James Watson's Nobel Return

James Watson won the Nobel Prize in 1962 with his partner Francis Crick and fellow scientist Maurice Wilkins for their work on discovering the double helix structure of DNA. Christie's

Last week at a much-talked-about auction, James Watson sold the Nobel Prize he won more than half a century ago for his work discovering the double-helix structure of DNA. The lot broke the record for any Nobel medal sold at auction when it fetched over $4.7 million, including the auction house's premium, or commission. Little did people know, the buyer didn't intend to keep it for long.

Alisher Usmanov, the richest man in Russia according to Forbes, came forward Tuesday as the buyer, saying that he had purchased the medal in order to return it to Watson.

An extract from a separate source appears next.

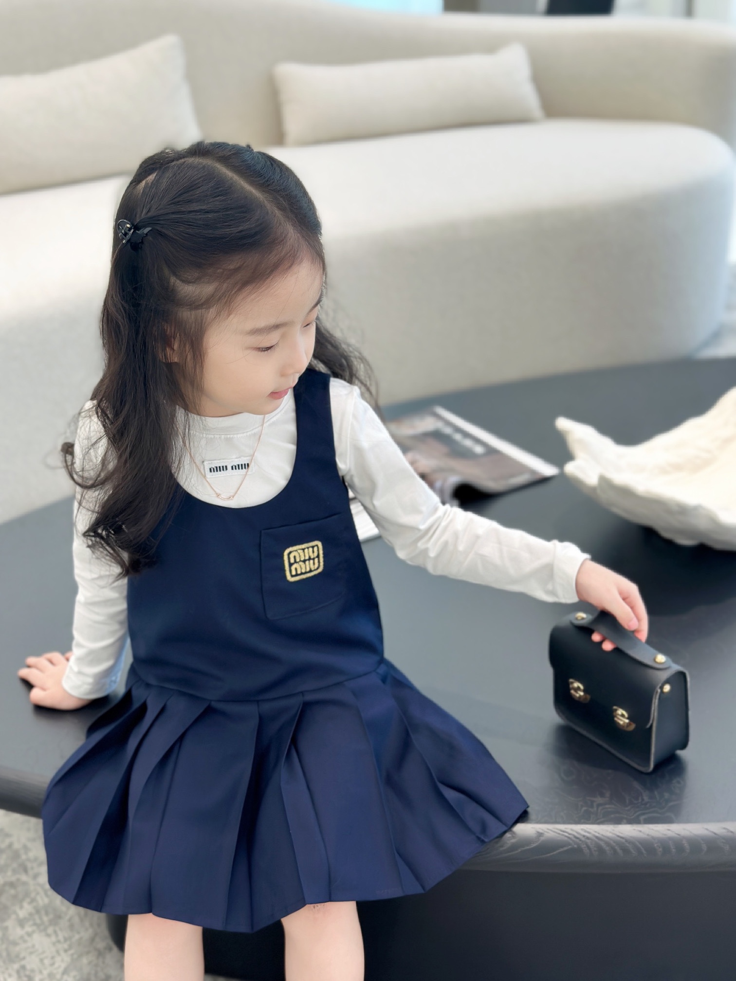 AC 아동복 미우미우 스쿨 이너티셔츠 & 플리츠 패치 나시 스커트 세트 (소량입고) miumiu

"In my opinion, a situation in which an outstanding scientist has to sell a medal recognizing his achievements is unacceptable," Usmanov is quoted as saying in a press release sent to Newsweek. "James Watson is one of the greatest biologists in the history of mankind and his award for the discovery of DNA structure must belong to him."

Usmanov has investments in steel and mining as well as in one of Russia's largest mobile phone operators and its largest business daily. He was an early investor in Facebook and now holds stake in Alibaba and shares in Arsenal Football Club. Forbes calculates his real-time net worth as $16.1 billion at end of trading Tuesday.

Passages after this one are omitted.